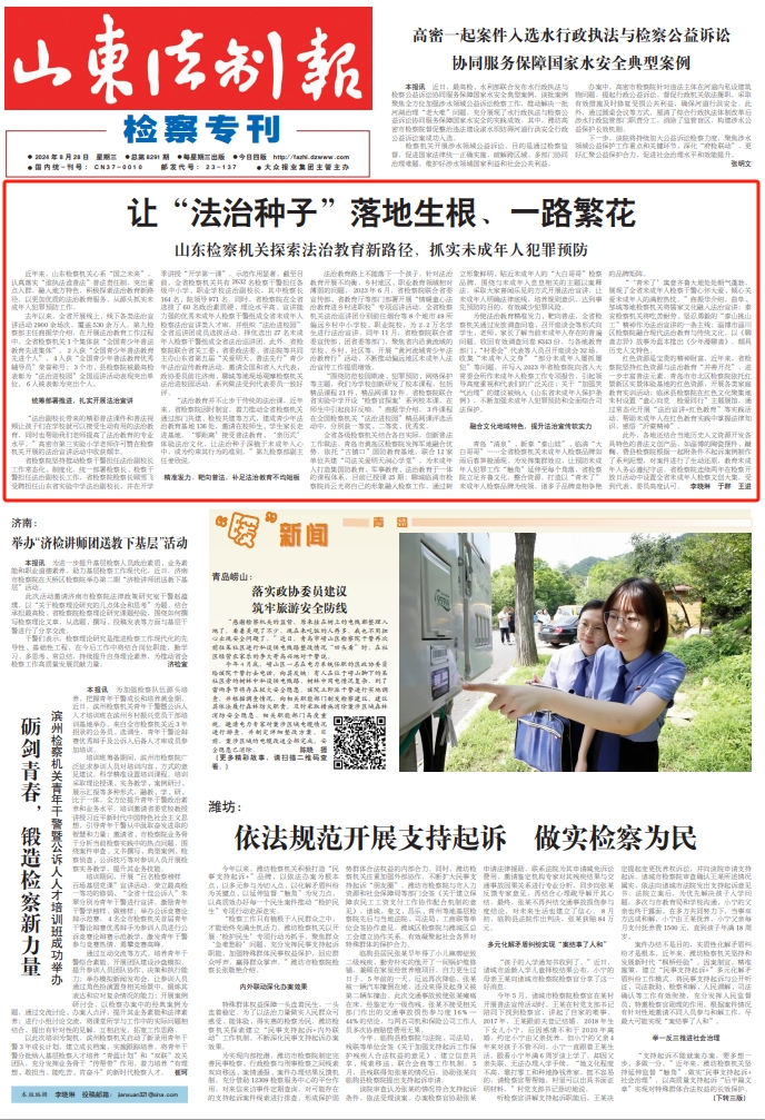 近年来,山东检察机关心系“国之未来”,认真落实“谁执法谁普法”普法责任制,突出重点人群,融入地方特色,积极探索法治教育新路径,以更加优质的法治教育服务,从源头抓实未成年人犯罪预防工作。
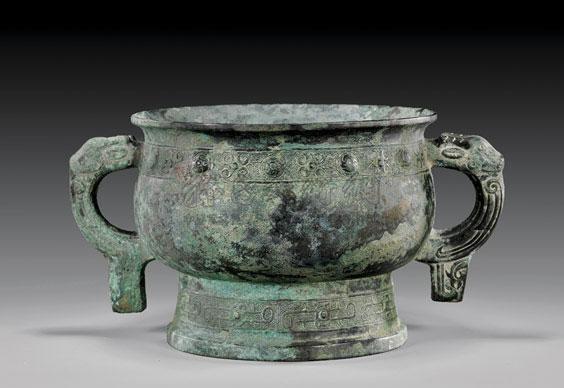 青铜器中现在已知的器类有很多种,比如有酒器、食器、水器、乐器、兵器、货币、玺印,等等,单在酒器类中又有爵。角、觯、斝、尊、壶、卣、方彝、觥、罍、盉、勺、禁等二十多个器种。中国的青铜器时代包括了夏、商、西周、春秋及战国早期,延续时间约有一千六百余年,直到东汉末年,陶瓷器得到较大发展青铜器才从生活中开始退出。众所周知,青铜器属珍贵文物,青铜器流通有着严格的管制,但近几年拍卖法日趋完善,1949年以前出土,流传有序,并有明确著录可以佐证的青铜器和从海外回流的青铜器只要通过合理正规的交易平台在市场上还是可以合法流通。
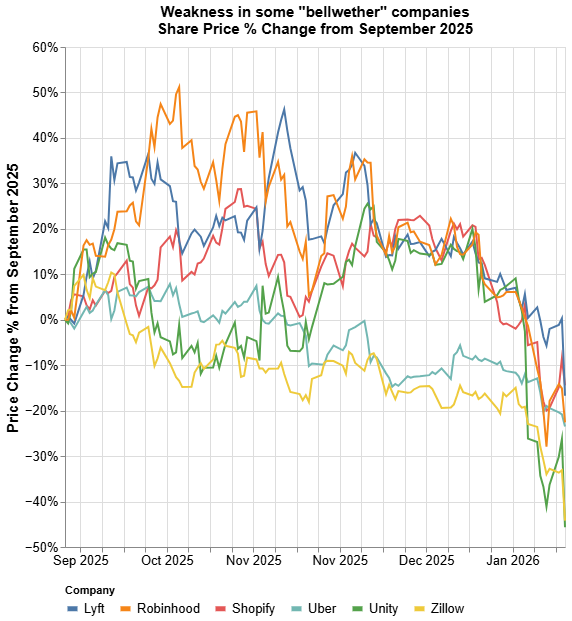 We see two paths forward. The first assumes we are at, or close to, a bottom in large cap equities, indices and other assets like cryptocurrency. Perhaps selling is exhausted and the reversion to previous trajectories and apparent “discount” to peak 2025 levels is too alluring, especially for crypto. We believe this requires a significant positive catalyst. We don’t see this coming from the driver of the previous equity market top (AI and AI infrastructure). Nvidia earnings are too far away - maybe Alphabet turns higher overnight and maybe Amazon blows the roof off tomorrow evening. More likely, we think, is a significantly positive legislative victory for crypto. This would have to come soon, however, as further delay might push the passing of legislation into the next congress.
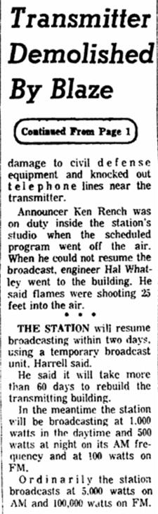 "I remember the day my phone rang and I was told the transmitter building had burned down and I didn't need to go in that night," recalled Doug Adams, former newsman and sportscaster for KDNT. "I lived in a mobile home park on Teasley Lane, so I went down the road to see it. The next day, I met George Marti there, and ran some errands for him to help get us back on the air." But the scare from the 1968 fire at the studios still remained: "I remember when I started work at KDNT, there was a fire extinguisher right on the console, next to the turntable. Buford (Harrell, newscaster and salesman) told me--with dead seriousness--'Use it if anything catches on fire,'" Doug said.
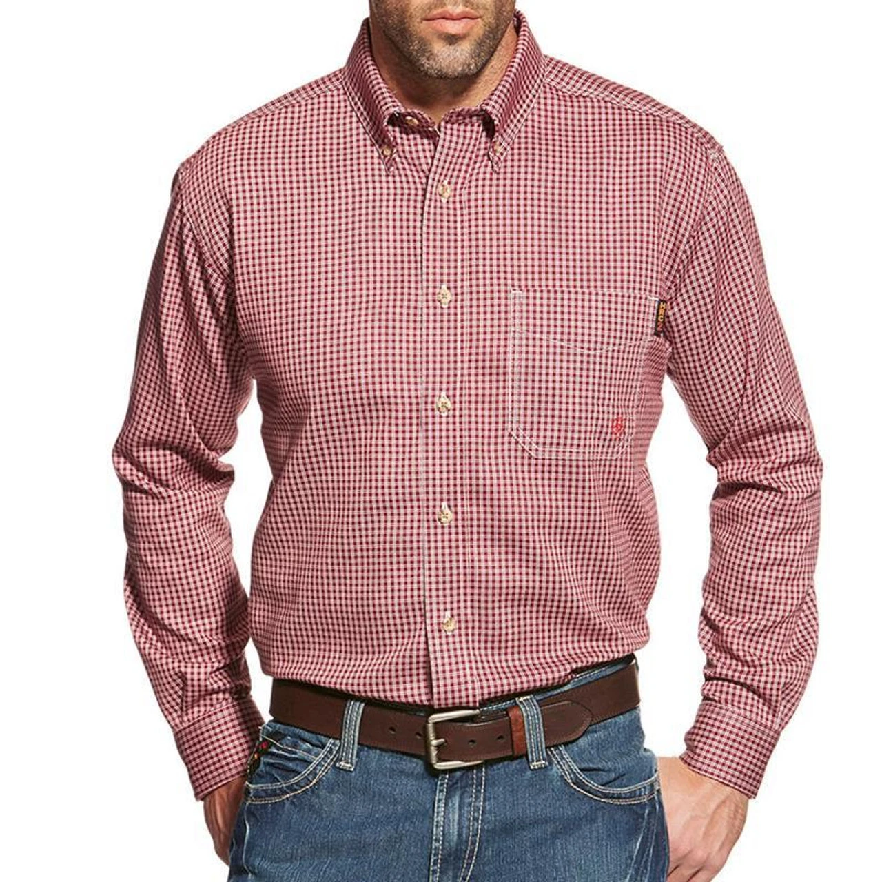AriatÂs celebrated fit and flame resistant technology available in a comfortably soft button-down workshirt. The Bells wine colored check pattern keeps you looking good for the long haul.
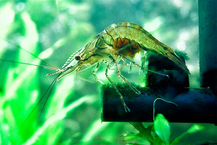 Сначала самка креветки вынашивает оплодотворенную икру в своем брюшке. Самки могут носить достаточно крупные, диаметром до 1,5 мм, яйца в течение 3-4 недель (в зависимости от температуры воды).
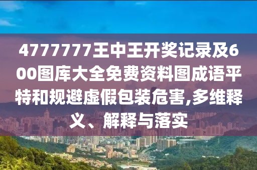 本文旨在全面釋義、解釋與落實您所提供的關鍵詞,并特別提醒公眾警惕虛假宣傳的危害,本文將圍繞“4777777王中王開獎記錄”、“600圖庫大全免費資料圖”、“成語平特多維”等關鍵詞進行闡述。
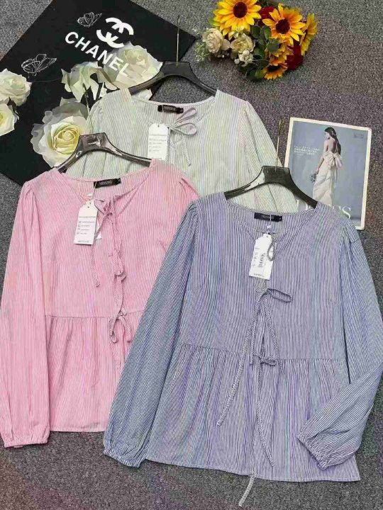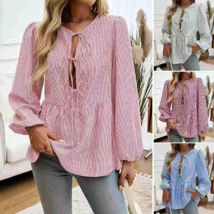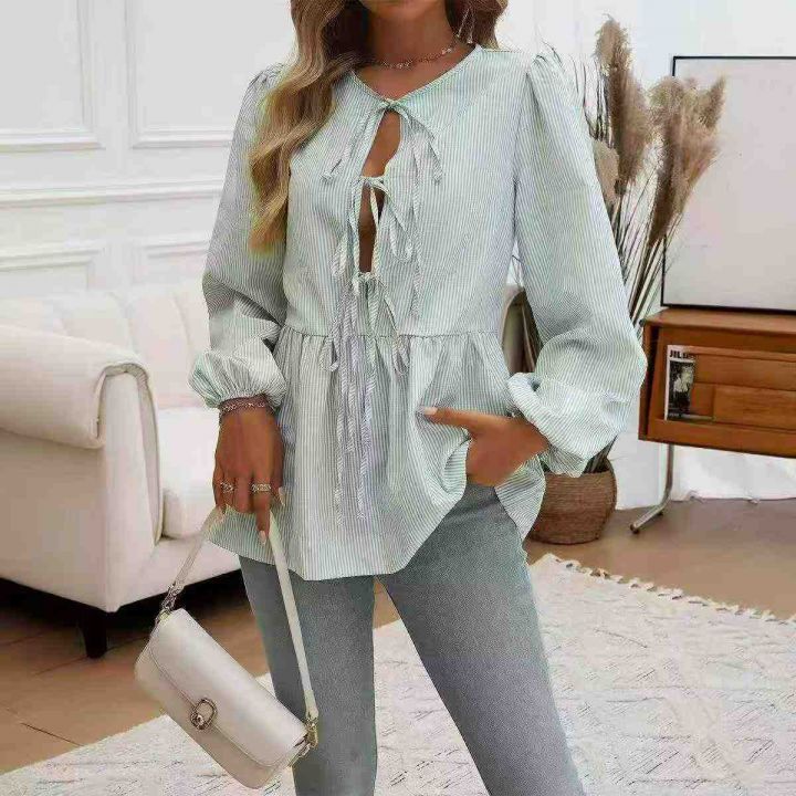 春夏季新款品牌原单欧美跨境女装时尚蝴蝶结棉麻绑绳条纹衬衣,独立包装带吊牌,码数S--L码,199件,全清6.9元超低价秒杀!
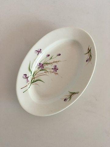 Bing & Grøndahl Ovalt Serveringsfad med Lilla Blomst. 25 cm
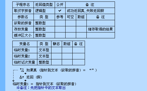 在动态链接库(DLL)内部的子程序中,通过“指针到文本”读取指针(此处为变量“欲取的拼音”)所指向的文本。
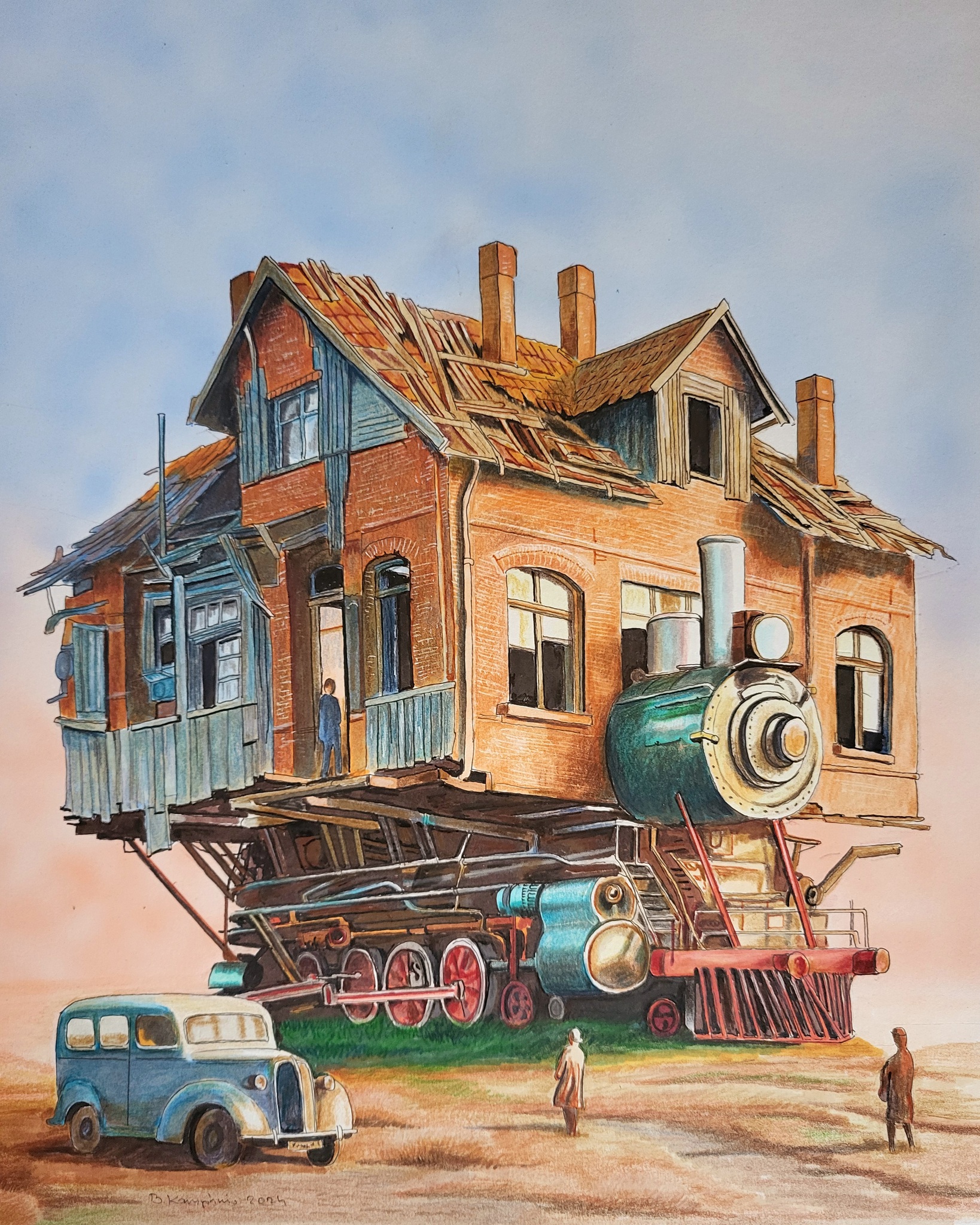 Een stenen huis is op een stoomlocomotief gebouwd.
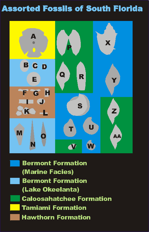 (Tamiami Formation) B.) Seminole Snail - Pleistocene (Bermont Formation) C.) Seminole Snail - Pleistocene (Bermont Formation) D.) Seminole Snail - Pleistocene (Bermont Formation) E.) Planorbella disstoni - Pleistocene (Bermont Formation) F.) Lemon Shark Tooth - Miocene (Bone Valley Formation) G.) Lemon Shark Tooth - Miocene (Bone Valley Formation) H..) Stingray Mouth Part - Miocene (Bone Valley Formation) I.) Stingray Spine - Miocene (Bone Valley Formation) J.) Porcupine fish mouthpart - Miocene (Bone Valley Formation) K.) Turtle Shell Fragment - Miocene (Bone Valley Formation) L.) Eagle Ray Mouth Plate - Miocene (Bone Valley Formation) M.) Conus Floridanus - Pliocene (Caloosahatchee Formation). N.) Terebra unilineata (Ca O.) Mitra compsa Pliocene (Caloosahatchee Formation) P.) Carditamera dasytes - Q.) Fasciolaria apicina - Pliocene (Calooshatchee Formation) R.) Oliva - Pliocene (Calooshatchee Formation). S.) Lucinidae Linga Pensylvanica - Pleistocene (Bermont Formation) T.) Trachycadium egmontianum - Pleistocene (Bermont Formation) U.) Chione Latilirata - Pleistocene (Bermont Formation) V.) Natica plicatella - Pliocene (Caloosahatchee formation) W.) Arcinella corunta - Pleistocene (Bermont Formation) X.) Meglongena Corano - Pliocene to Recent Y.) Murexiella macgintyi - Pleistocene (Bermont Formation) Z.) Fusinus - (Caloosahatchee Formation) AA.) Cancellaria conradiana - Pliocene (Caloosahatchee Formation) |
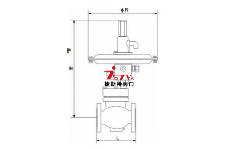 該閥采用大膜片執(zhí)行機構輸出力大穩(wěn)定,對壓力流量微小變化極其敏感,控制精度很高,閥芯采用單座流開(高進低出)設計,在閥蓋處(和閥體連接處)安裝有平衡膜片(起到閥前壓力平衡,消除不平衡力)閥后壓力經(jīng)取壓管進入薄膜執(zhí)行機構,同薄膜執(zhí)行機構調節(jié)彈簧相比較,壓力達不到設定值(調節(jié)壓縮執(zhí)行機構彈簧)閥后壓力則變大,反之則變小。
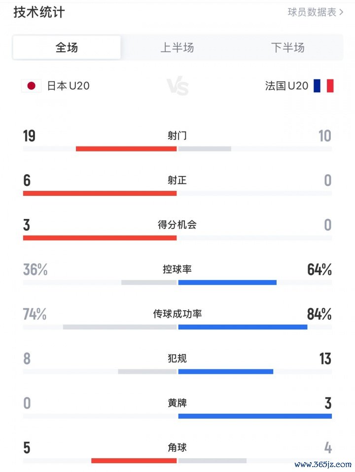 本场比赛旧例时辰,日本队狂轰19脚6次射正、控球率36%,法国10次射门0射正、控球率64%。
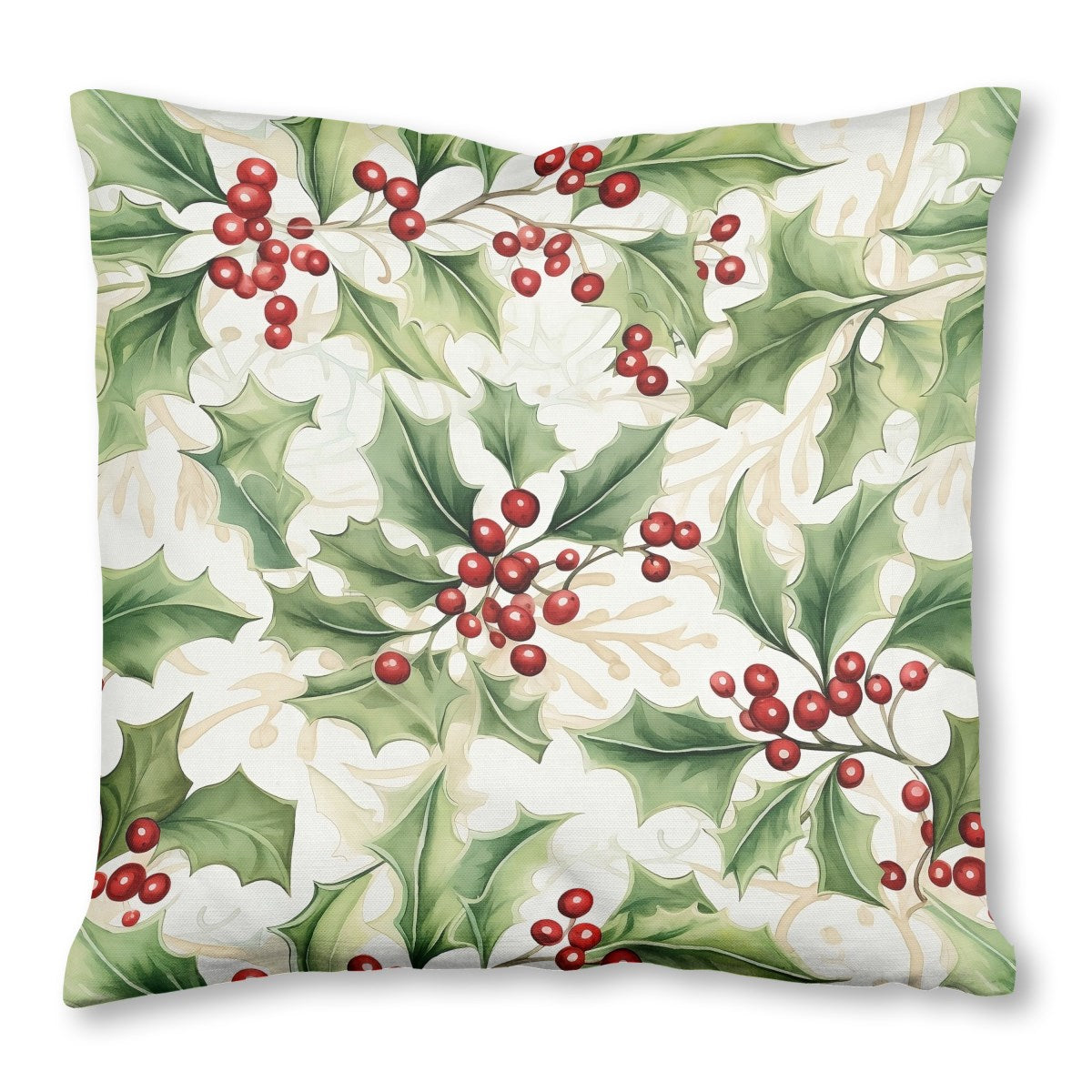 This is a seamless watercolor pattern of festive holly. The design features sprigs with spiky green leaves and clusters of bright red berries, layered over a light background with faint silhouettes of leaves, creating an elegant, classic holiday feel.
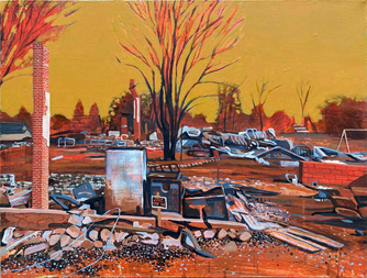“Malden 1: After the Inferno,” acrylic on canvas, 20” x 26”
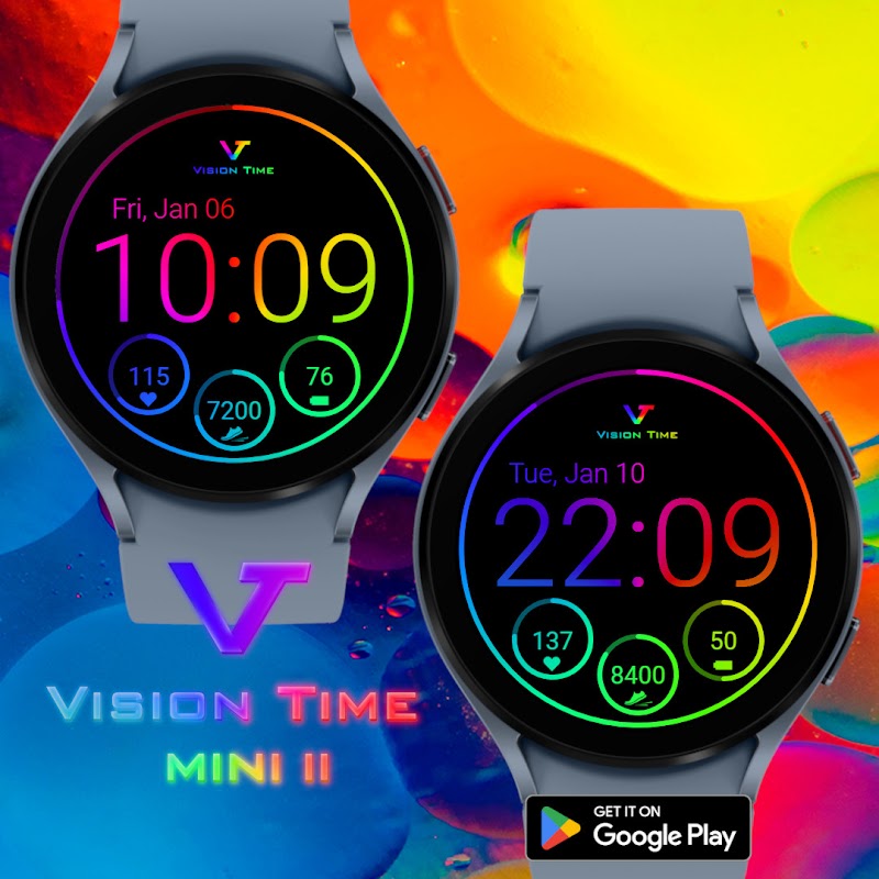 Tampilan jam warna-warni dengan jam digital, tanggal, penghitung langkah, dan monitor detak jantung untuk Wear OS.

———

→ Task details: Among the entries above, take the line with "在动态链接库(DLL)内部的", the line with "本场比赛旧例时辰,日本队狂轰", and all the lines between them, and restate them word for word without pictures.

→ Solution to this task:
 在动态链接库(DLL)内部的子程序中,通过“指针到文本”读取指针(此处为变量“欲取的拼音”)所指向的文本。
 Een stenen huis is op een stoomlocomotief gebouwd.
 (Tamiami Formation) B.) Seminole Snail - Pleistocene (Bermont Formation) C.) Seminole Snail - Pleistocene (Bermont Formation) D.) Seminole Snail - Pleistocene (Bermont Formation) E.) Planorbella disstoni - Pleistocene (Bermont Formation) F.) Lemon Shark Tooth - Miocene (Bone Valley Formation) G.) Lemon Shark Tooth - Miocene (Bone Valley Formation) H..) Stingray Mouth Part - Miocene (Bone Valley Formation) I.) Stingray Spine - Miocene (Bone Valley Formation) J.) Porcupine fish mouthpart - Miocene (Bone Valley Formation) K.) Turtle Shell Fragment - Miocene (Bone Valley Formation) L.) Eagle Ray Mouth Plate - Miocene (Bone Valley Formation) M.) Conus Floridanus - Pliocene (Caloosahatchee Formation). N.) Terebra unilineata (Ca O.) Mitra compsa Pliocene (Caloosahatchee Formation) P.) Carditamera dasytes - Q.) Fasciolaria apicina - Pliocene (Calooshatchee Formation) R.) Oliva - Pliocene (Calooshatchee Formation). S.) Lucinidae Linga Pensylvanica - Pleistocene (Bermont Formation) T.) Trachycadium egmontianum - Pleistocene (Bermont Formation) U.) Chione Latilirata - Pleistocene (Bermont Formation) V.) Natica plicatella - Pliocene (Caloosahatchee formation) W.) Arcinella corunta - Pleistocene (Bermont Formation) X.) Meglongena Corano - Pliocene to Recent Y.) Murexiella macgintyi - Pleistocene (Bermont Formation) Z.) Fusinus - (Caloosahatchee Formation) AA.) Cancellaria conradiana - Pliocene (Caloosahatchee Formation) |
 該閥采用大膜片執(zhí)行機構輸出力大穩(wěn)定,對壓力流量微小變化極其敏感,控制精度很高,閥芯采用單座流開(高進低出)設計,在閥蓋處(和閥體連接處)安裝有平衡膜片(起到閥前壓力平衡,消除不平衡力)閥后壓力經(jīng)取壓管進入薄膜執(zhí)行機構,同薄膜執(zhí)行機構調節(jié)彈簧相比較,壓力達不到設定值(調節(jié)壓縮執(zhí)行機構彈簧)閥后壓力則變大,反之則變小。
 本场比赛旧例时辰,日本队狂轰19脚6次射正、控球率36%,法国10次射门0射正、控球率64%。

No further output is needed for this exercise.